Blood is mainly a liquid, but contains small solid components. These components are suspended in a liquid called plasma, and are comprised of red cells, white cells and platelets. This is the key to relieving the arthritis in knee.
Typically a blood specimen contains 93% red cells, 1% white cells and 6% platelets. Each component plays an important role for the human body to function. Red blood cells serve to carry oxygen from the lungs and to deliver it to other cells throughout the body, while also removing carbon dioxide. White blood cells fight infection, kill germs, and carry off dead blood cells. Platelets are responsible for the construction of new connective tissue, and contain proteins called growth factors that are very important in the healing of injuries, and serves as an arthritis treatment. Simply put, PRP is plasma that has been modified to have a higher concentration of platelets.
A SYSTEMATIC REVIEW WITH QUANTITATIVE SYNTHESIS
Amir Khoshbin, M.D., Timothy Leroux, M.D., David Wasserstein, M.D., M.Sc., F.R.C.S.C., Paul Marks, M.D., F.R.C.S.C., John Theodoropoulos, M.D., M.Sc., F.R.C.S.C., Darrell Ogilvie-Harris, M.D., F.R.C.S.C., Rajiv Gandhi, M.D., F.R.C.S.C., Kirat Takhar, B.Kin., Grant Lum, M.D., Jaskarndip Chahal, M.D., M.Sc., F.R.C.S.C.
The purpose of this systematic review was to synthesize the available Level I and Level II literature on platelet-rich plasma (PRP) as a therapeutic intervention in the management of symptomatic knee osteoarthritis (OA).

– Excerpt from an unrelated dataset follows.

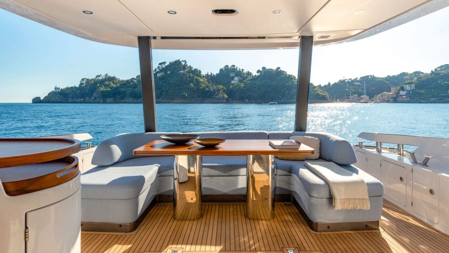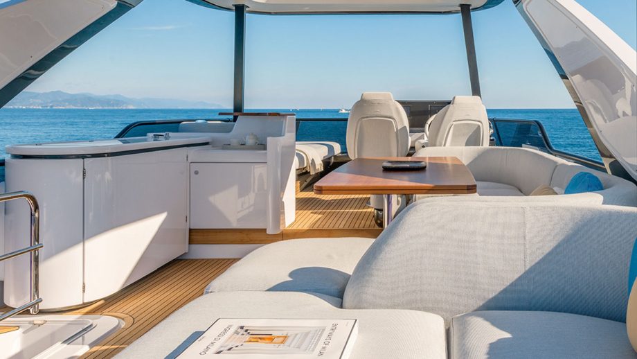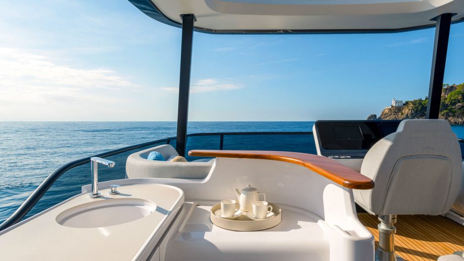 On the bright, balmy morning of our test day, however, the upper helm station was the only place to be, dead amidships on the starboard side of a long, well-furnished flybridge that could accommodate a dozen without too much of a squash.

A systematic review of Medline, Embase, Cochrane Central Register of Controlled Trials, PubMed, andwww.clinicaltrials.gov was performed to identify all randomized controlled trials and prospective cohort studies that evaluated the clinical efficacy of PRP versus a control injection for knee OA. A random-effects model was used to evaluate the therapeutic effect of PRP at 24 weeks by use of validated outcome measures (Western Ontario and McMaster Universities Arthritis Index, visual analog scale for pain, International Knee Documentation Committee Subjective Knee Evaluation Form, and overall patient satisfaction).
Six Level I and II studies satisfied our inclusion criteria (4 randomized controlled trials and 2 prospective nonrandomized studies). A total of 577 patients were included, with 264 patients (45.8%) in the treatment group (PRP) and 313 patients (54.2%) in the control group (hyaluronic acid [HA] or normal saline solution [NS]). The mean age of patients receiving PRP was 56.1 years (51.5% male patients) compared with 57.1 years (49.5% male patients) for the group receiving HA or NS. Pooled results using the Western Ontario and McMaster Universities Arthritis Index scale (4 studies) showed that PRP was significantly better than HA or NS injections (mean difference, −18.0 [95% confidence interval, −28.8 to −8.3]; P< .001). Similarly, the International Knee Documentation Committee scores (3 studies) favored PRP as a treatment modality (mean difference, 7.9 [95% confidence interval, 3.7 to 12.1]; P < .001). There was no difference in the pooled results for visual analog scale score or overall patient satisfaction. Adverse events occurred more frequently in patients treated with PRP than in those treated with HA/placebo (8.4% v 3.8%, P = .002).
As compared with HA or NS injection, multiple sequential intra-articular PRP injections may have beneficial effects in the treatment of adult patients with mild to moderate knee OA at approximately 6 months. There appears to be an increased incidence of nonspecific adverse events among patients treated with PRP.
Level of evidence
Level II, systematic review of Level I and II studies.